Pour Laurent Lhopital, cela ne fait pas de doute : le métier de peintre façadier-ère est en plein boom. « Il évolue très vite avec les nouvelles normes », explique le formateur, « notamment l’aspect ITE du métier (isolation thermique par l’extérieur), ou encore l’aspect isolation phonique et acoustique, l’imperméabilisation des murs ». Et ce qui est aujourd’hui à créer sera demain à entretenir : l’emploi n’est pas près de s’essouffler…

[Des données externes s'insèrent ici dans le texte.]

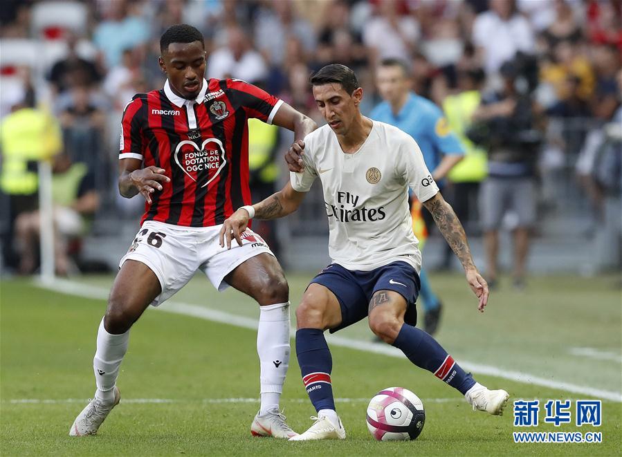 ↑9月29日,巴黎圣日耳曼队球员迪马利亚(右)与尼斯队球员马奥里达在比赛中争抢。 当日,在2018-2019赛季法国足球甲级联赛第八轮比赛中,巴黎圣日耳曼队客场以3比0战胜尼斯队。 新华社发(克里斯托弗·珀蒂诺摄)
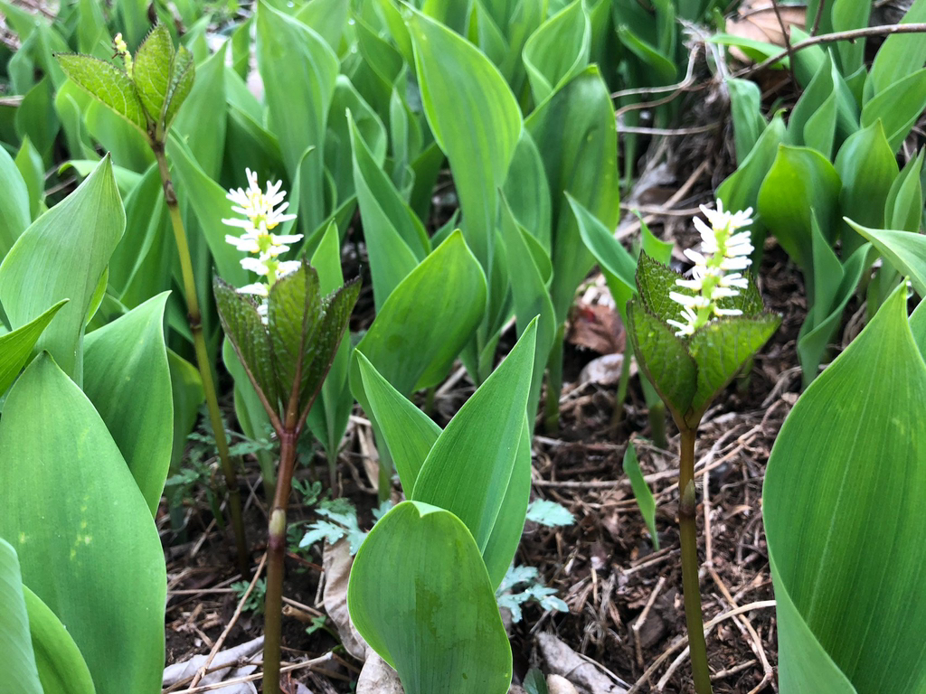 은방울꽃 무리 속에 홀아비꽃대가 꽃을 피우고 있다. 은방울꽃도 꽃망울을 터트리기 직전이다.
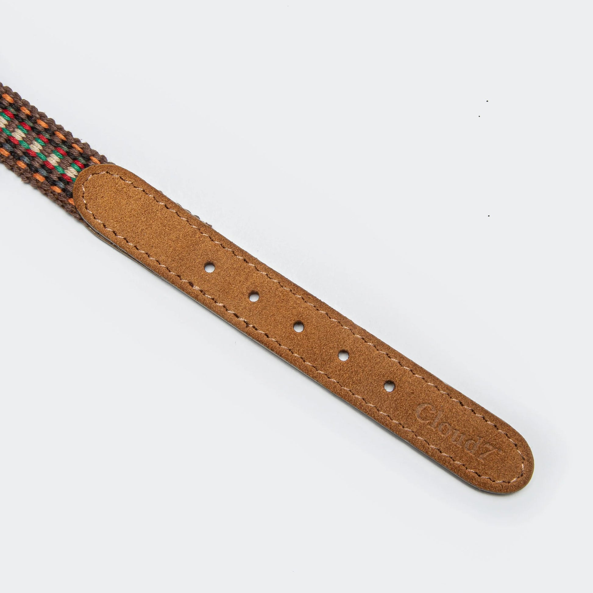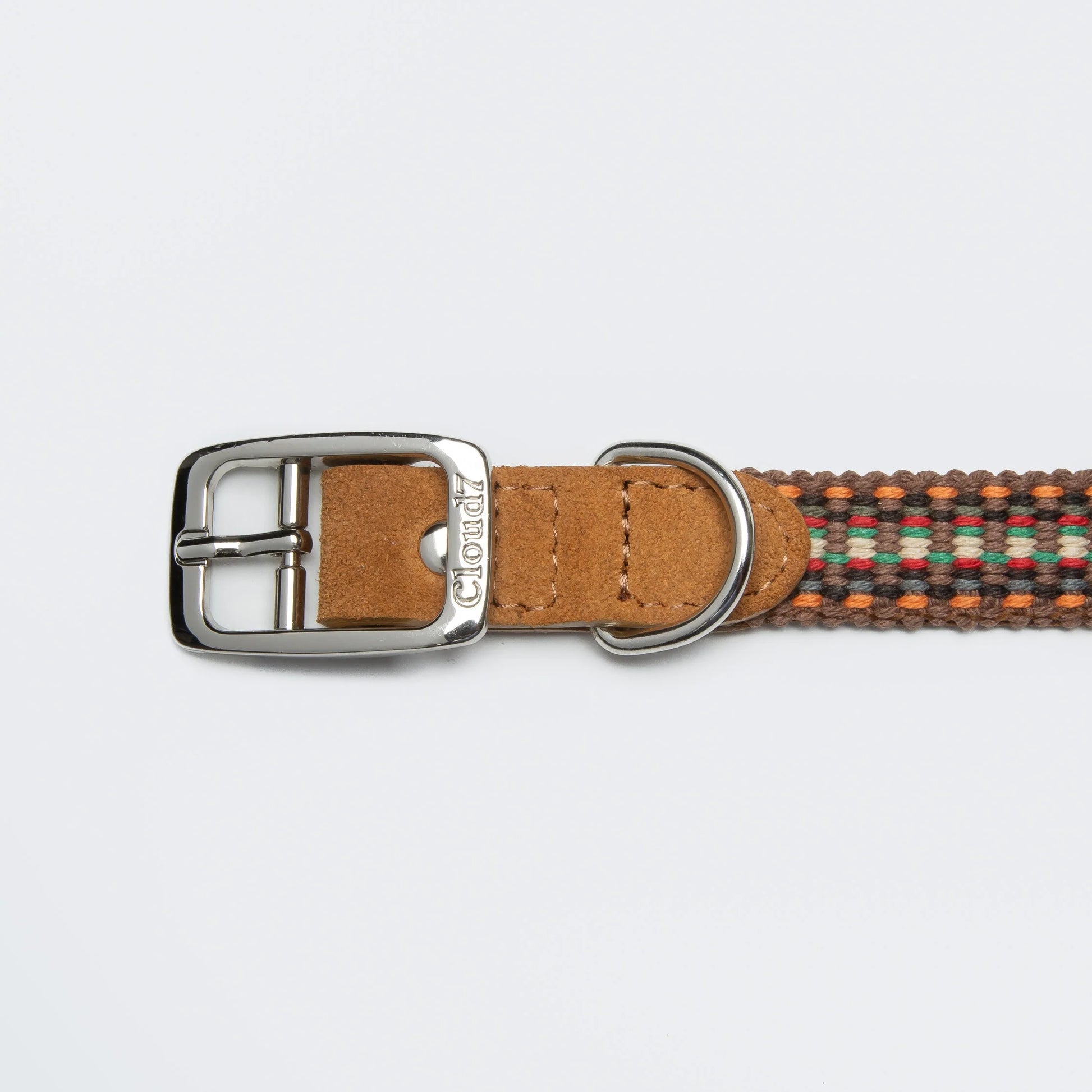 Hundehalsband aus strukturiertem Stoffband in Orange-Braun-Weiß gemustertem Ethno-Look, vollendet mit elegantem braunen Wildleder.

Le métier de peintre façadier-ère est relativement récent : avant, ses fonctions étaient exercées par les maçons ou les peintres. Il est né de la spécialisation progressive de certains professionnels dans le ravalement. Les enjeux écologiques du bâtiment s’accroissent, les normes changent, les compétences nécessaires à la peinture de façades se singularisent : aujourd’hui, c’est est un métier bien distinct de la maçonnerie et de la peinture en bâtiment, même s’il porte toujours les marques de cette double appartenance. « Pour moi, peintre façadier, c’est deux métiers en un », explique Laurent Lhopital. « L’aspect finitions vous rapproche du métier de peintre, l’aspect enduits vous rapproche de la maçonnerie. »

 

Au quotidien : surfaces, volumes, air libre…

Pour Laurent Lhopital, c’est « le plaisir de relooker les bâtiments, de redorer leur image », qui fait la satisfaction principale du métier de peintre façadier-ère : « on remet à neuf un bâtiment qui était dégradé, c’est déjà très motivant. Ce qui l’est encore plus, c’est de se dire que, par-là, on améliore aussi le confort de vie des gens – on embellit, on isole, on imperméabilise, on assainit. On change vraiment quelque chose. »

Le travail en extérieur est également un aspect du métier qui séduit beaucoup de professionnels. « La peinture en extérieur, c’est moins fin que la peinture en intérieur, mais plus technique » ajoute le formateur. « Nous peignons de grandes surfaces, des volumes. » Qui dit peinture en extérieur dit aussi travail en hauteur, sur des échafaudages que les peintres montent eux-mêmes : « interdit d’avoir le vertige ! »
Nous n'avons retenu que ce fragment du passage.